*TRY IT*
Take the line with "本機(jī)具有電動(dòn" as the first and the last line of the data as the end. Write out both and every line between exactly, except pictures.

═════ SUPPLIED DATA

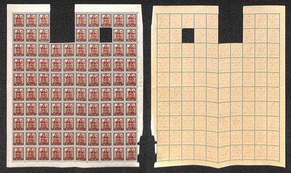 Occupazione Tedesca Albania - 1943 – Foglio con 95 pezzi del 1 quind su 3 bruno (Unif. 1) – gomma integra
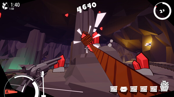 In the game, you do bang bang to anything that moves and pull everything of value, all while riding a fast-moving mining cart through various handcrafted levels.
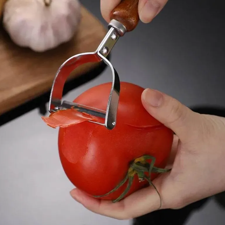 Die scharfe Klinge aus Aluminiumlegierung ermöglicht präzises Schälen und Abschaben von Obst und Gemüse und sorgt dafür, dass jede Aufgabe mit minimalem Kraftaufwand erledigt wird. Das ergonomische Design und die robuste Konstruktion sorgen für einen angenehmen Griff und machen ihn zu einem zuverlässigen Partner für alle Ihre Kochbedürfnisse.
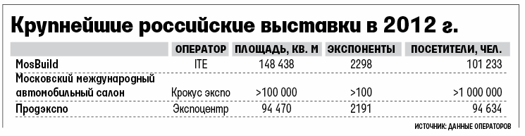 Лидирующий в Поволжье оператор «Нижегородская ярмарка» за 2012 г. провел 37 выставочных мероприятий с 5364 участниками, но по сравнению с 2011 г. количество выставок, площадей и участников не изменилось, сообщила пресс-служба компании. «СОУД – Сочинские выставки» провела всего лишь на одну выставку больше. В 2011 г. выставки ITE в России посетили более 860 000 человек, в 2012 г. их было около 780 000, говорит Шталенков. Снижение количества посетителей он объясняет тем, что некоторые выставки компания проводит раз в два года и в 2012 г. они не проходили.
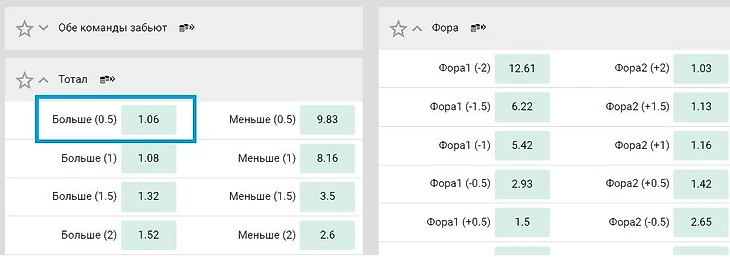 Она основана на вероятности хотя бы одного гола в течение выбранного тайма. Для использования этой методики необходимо тщательно выбирать игры, отдавая предпочтение чемпионатам с высокой результативностью. Ставка делается на ТБ 0,5 в первом тайме, как правило, с коэффициентом в пределах 1.20-1.60. Если такой исход недоступен в прематче, можно дождаться начала матча и сделать ставку в лайве. Число одновременно заключаемых пари и охват матчей зависят от размера вашего банкролла.
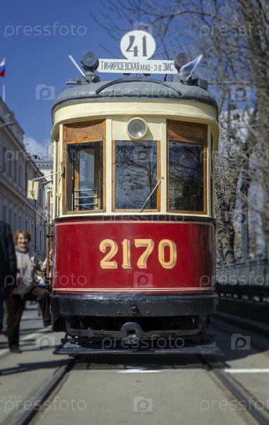 МОСКВА, РОССИЯ - 21 апреля 2018 г.: Ретро-трамваи выходят на парад на пустой старой городской улице Москвы, Россия, 21 апреля 2018 г
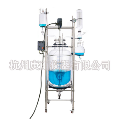 本機(jī)具有電動(dòng)恒速攪拌系統(tǒng)、冷凝、滴加系統(tǒng),釜體夾層需外接加熱或制冷的循環(huán)設(shè)備。在攪拌物料的同時(shí),通過夾層注入循環(huán)的熱溶液或冷卻液,對(duì)釜內(nèi)的物料進(jìn)行恒溫的加熱或制冷。物料進(jìn)行加熱反應(yīng)時(shí),在真空條件下可以提高蒸發(fā)效率(需連接真空裝置),溶媒蒸汽經(jīng)玻璃冷凝盤管時(shí)冷卻成液體(需連接冷卻裝置),可回流到釜內(nèi),也可通過回流彎頭下部閥門進(jìn)行回收。反應(yīng)完畢,物料可從釜底的側(cè)出料口放出。
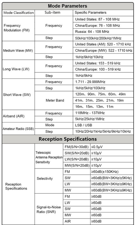 ABC settings include AGC limit, AGC gain, and manual control, all settable in dB.  On a third page of options, we find NB Mode, NB Threshold, Equalizer Type, Key Beep Level, and SQUELCH Threshold.  Recording is accomplished with a direct access button (NOTE:  I had some problems getting record to work and it remains to be seen if this is a microSD issue or an indication of some other problem).  A quite nice printed manual shows the modes: USB, LSB, CW, DSB, AM, SAM, NFM, WFM.  Steps are listed as:  100 Hz, 500 Hz, 1 kHz, 2.5 kHz, 5 kHz, 6.2 kHz, 8.3 kHz, 9 kHz, and 10 kHz.
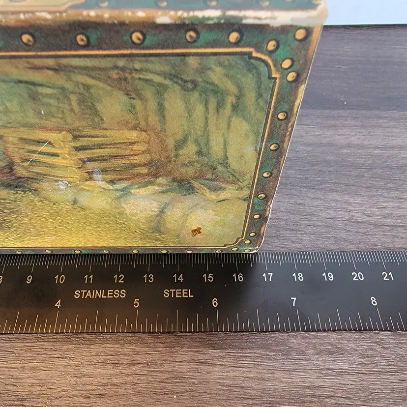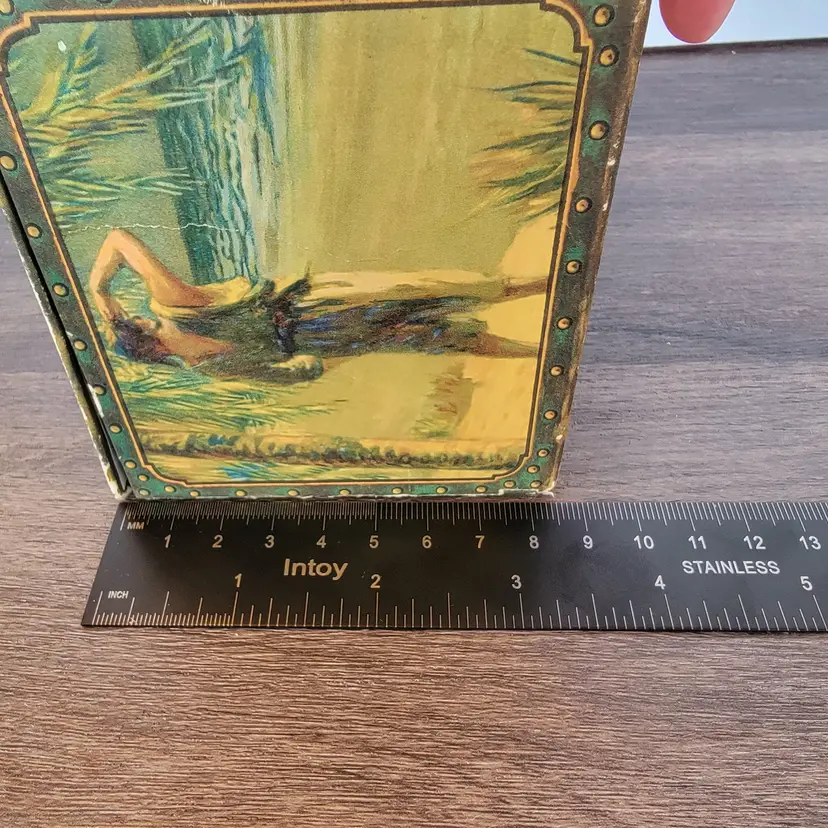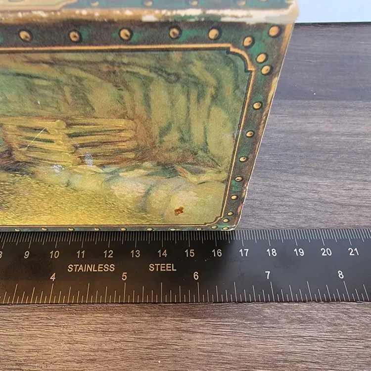Measurements approximately: 6.5" long; 3.5" wide; 3.25" tall Condition: pre-owned; Minor edge wear consistent with age and handling. Some slight discoloration and chipping along borders. The lid is not detached; see photos

══════════

*COMPLETED TASK*
 本機(jī)具有電動(dòng)恒速攪拌系統(tǒng)、冷凝、滴加系統(tǒng),釜體夾層需外接加熱或制冷的循環(huán)設(shè)備。在攪拌物料的同時(shí),通過夾層注入循環(huán)的熱溶液或冷卻液,對(duì)釜內(nèi)的物料進(jìn)行恒溫的加熱或制冷。物料進(jìn)行加熱反應(yīng)時(shí),在真空條件下可以提高蒸發(fā)效率(需連接真空裝置),溶媒蒸汽經(jīng)玻璃冷凝盤管時(shí)冷卻成液體(需連接冷卻裝置),可回流到釜內(nèi),也可通過回流彎頭下部閥門進(jìn)行回收。反應(yīng)完畢,物料可從釜底的側(cè)出料口放出。
 ABC settings include AGC limit, AGC gain, and manual control, all settable in dB.  On a third page of options, we find NB Mode, NB Threshold, Equalizer Type, Key Beep Level, and SQUELCH Threshold.  Recording is accomplished with a direct access button (NOTE:  I had some problems getting record to work and it remains to be seen if this is a microSD issue or an indication of some other problem).  A quite nice printed manual shows the modes: USB, LSB, CW, DSB, AM, SAM, NFM, WFM.  Steps are listed as:  100 Hz, 500 Hz, 1 kHz, 2.5 kHz, 5 kHz, 6.2 kHz, 8.3 kHz, 9 kHz, and 10 kHz.
Measurements approximately: 6.5" long; 3.5" wide; 3.25" tall Condition: pre-owned; Minor edge wear consistent with age and handling. Some slight discoloration and chipping along borders. The lid is not detached; see photos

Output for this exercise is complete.